§ What the task requires:
The range runs from the line containing "あきすぎないネックは首回りを綺麗に見せつつ、前屈みなどの動きにも安心。" to the last line of the entries. Restate those lines word for word, without the pictures.

--- Supplied data Enclosed Below ---

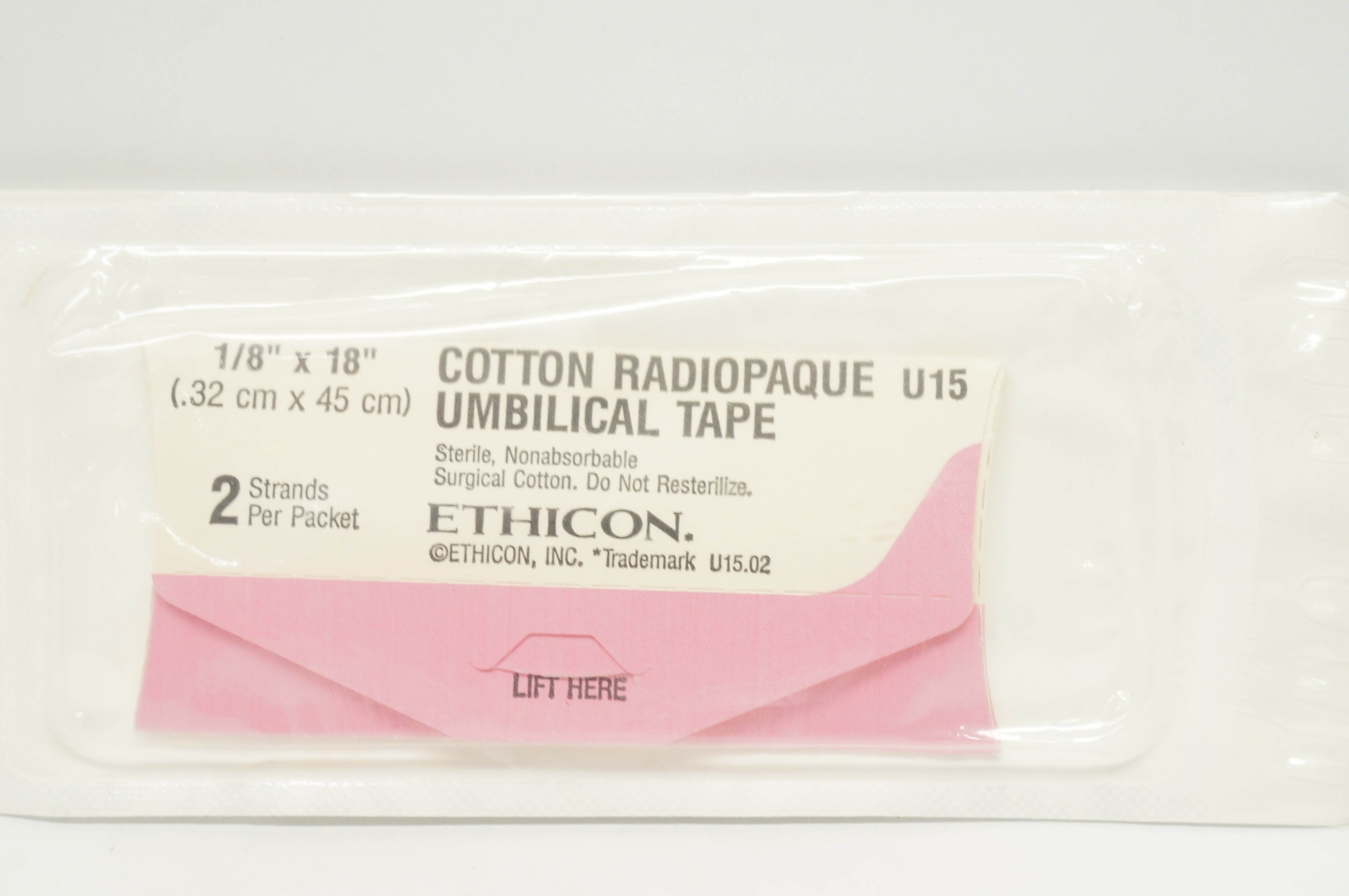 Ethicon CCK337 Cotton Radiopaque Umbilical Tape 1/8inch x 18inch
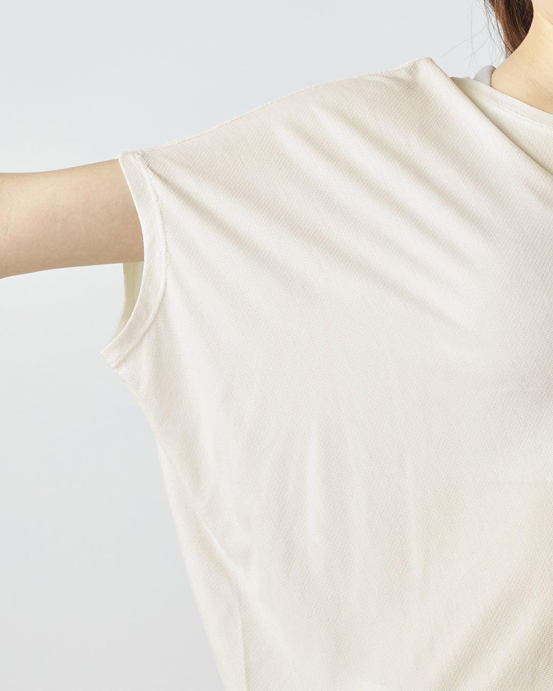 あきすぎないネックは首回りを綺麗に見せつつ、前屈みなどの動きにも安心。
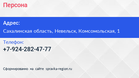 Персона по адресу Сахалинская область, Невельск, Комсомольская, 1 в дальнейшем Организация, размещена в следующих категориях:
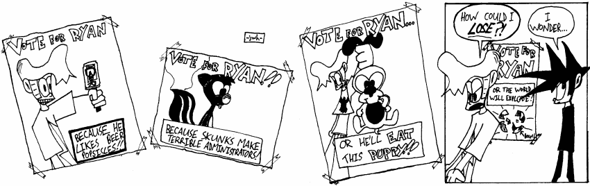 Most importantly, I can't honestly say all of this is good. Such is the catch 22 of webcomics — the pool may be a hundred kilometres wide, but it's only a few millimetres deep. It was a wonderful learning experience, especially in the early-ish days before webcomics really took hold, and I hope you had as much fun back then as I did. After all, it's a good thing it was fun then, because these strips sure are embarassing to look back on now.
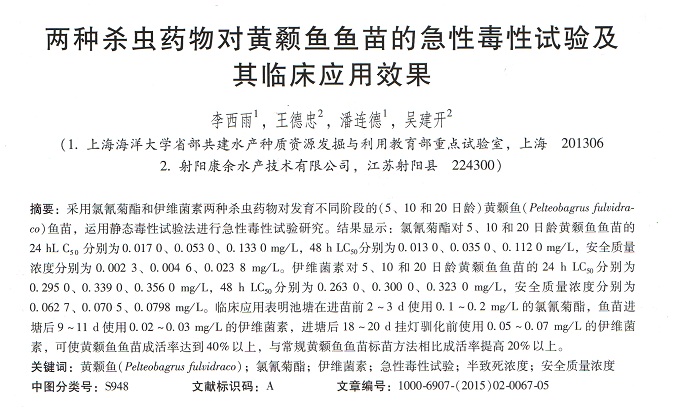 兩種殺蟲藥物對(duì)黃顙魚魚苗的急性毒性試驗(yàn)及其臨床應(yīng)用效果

--- End of Enclosed Supplied data ---

§ Solution to the problem:
 あきすぎないネックは首回りを綺麗に見せつつ、前屈みなどの動きにも安心。
 Персона по адресу Сахалинская область, Невельск, Комсомольская, 1 в дальнейшем Организация, размещена в следующих категориях:
 Most importantly, I can't honestly say all of this is good. Such is the catch 22 of webcomics — the pool may be a hundred kilometres wide, but it's only a few millimetres deep. It was a wonderful learning experience, especially in the early-ish days before webcomics really took hold, and I hope you had as much fun back then as I did. After all, it's a good thing it was fun then, because these strips sure are embarassing to look back on now.
 兩種殺蟲藥物對(duì)黃顙魚魚苗的急性毒性試驗(yàn)及其臨床應(yīng)用效果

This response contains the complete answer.